■ **Aim of the exercise**: Retype each line of the material below word for word; pictures stay out.

■ **Recorded information**:
══════════════════════════════

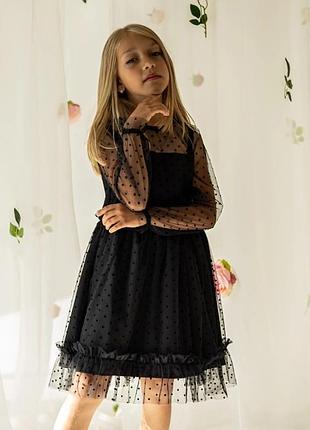 ✨ Стильна дитяча сукня в чорному кольорі✨ 💖 Вишукана та елегантна модель для маленьких модниць, які люблять бути в центрі уваги. Ідеальний вибір як для святкових подій, так і для стильних буднів. 🧵 Матеріали: ✔️ Турецька костюмна тканина + фатин у горох (5 мм) ✔️ Акуратна прошивка горловини та плечей ✔️ Потайна змійка на спинці 📏 Розміри: 🔹 116 – довжина 65 см, спідниця 38 см, рукав 44 см, груди 28,5 см 🔹 122 – довжина 71 см, спідниця 42 см, рукав 45,5 см, груди 30,5 см 🔹 128 – довжина 74 см, спідниця 44 см, рукав 48 см, груди 32 см 🔹 134 – довжина 76 см, спідниця 45,5 см, рукав 51 см, груди 34 см 🔹 140 – довжина 79 см, спідниця 48 см, рукав 53 см, груди 36 см
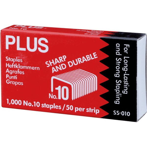 PLUS JAPAN Heftklammern No. 10, 30089, Edelstahl verzinkt, Heftleistung 10 Blatt max.
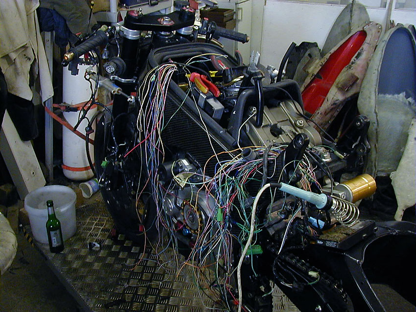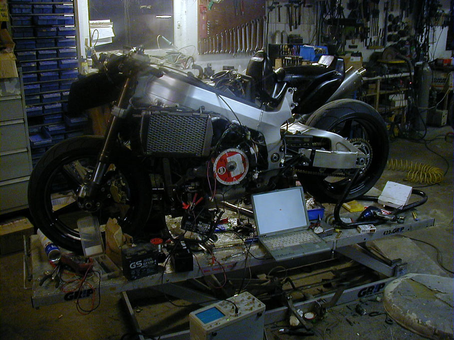 My buddy and me preparing his RC51 for track , with Motec .. and so on
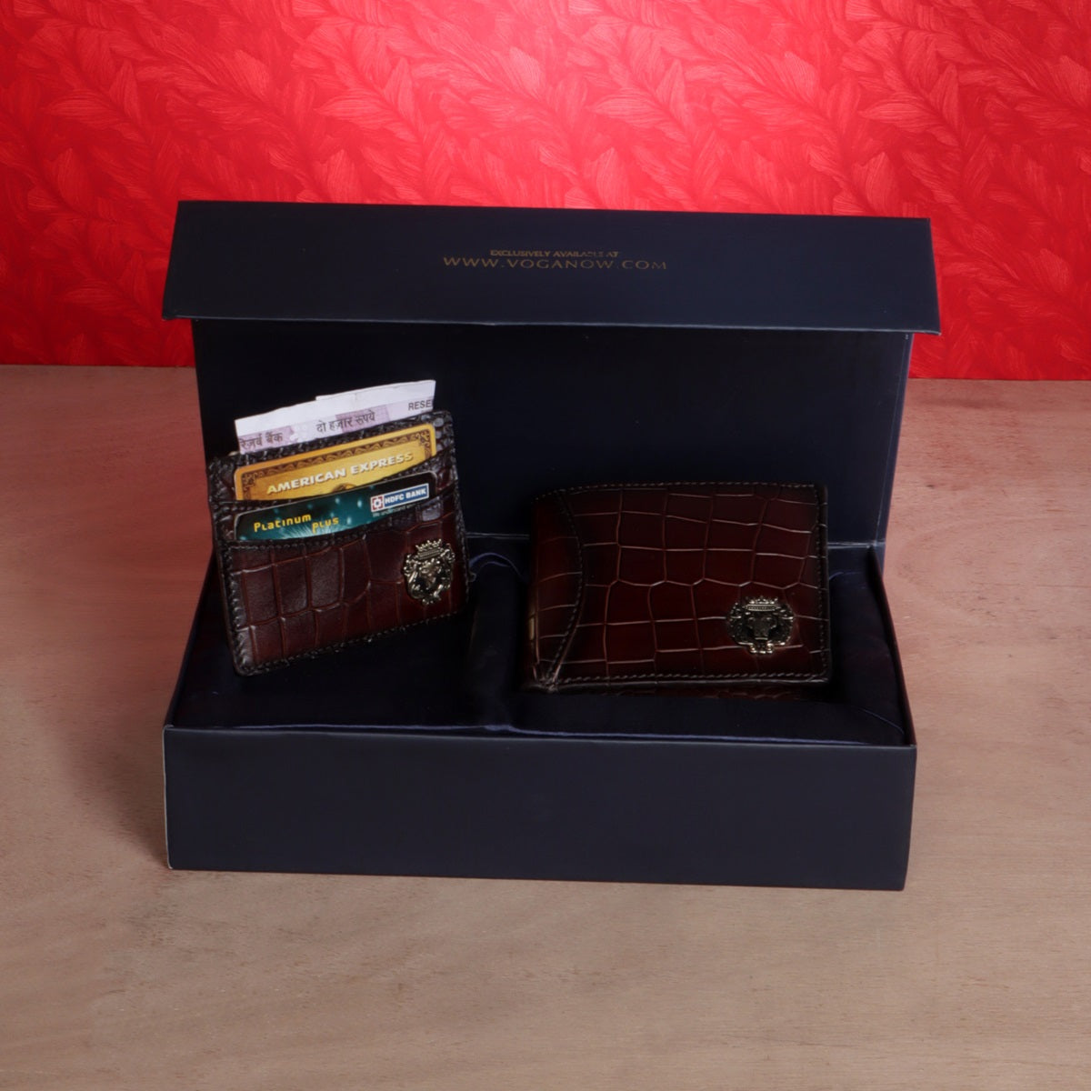 Combo of Dark Brown Croco Textured Leather Wallet and Card Holder with Metal Logo by Brune & Bareskin

══════════════════════════════

■ **Solution for this exercise**:
 ✨ Стильна дитяча сукня в чорному кольорі✨ 💖 Вишукана та елегантна модель для маленьких модниць, які люблять бути в центрі уваги. Ідеальний вибір як для святкових подій, так і для стильних буднів. 🧵 Матеріали: ✔️ Турецька костюмна тканина + фатин у горох (5 мм) ✔️ Акуратна прошивка горловини та плечей ✔️ Потайна змійка на спинці 📏 Розміри: 🔹 116 – довжина 65 см, спідниця 38 см, рукав 44 см, груди 28,5 см 🔹 122 – довжина 71 см, спідниця 42 см, рукав 45,5 см, груди 30,5 см 🔹 128 – довжина 74 см, спідниця 44 см, рукав 48 см, груди 32 см 🔹 134 – довжина 76 см, спідниця 45,5 см, рукав 51 см, груди 34 см 🔹 140 – довжина 79 см, спідниця 48 см, рукав 53 см, груди 36 см
 PLUS JAPAN Heftklammern No. 10, 30089, Edelstahl verzinkt, Heftleistung 10 Blatt max.
 My buddy and me preparing his RC51 for track , with Motec .. and so on
 Combo of Dark Brown Croco Textured Leather Wallet and Card Holder with Metal Logo by Brune & Bareskin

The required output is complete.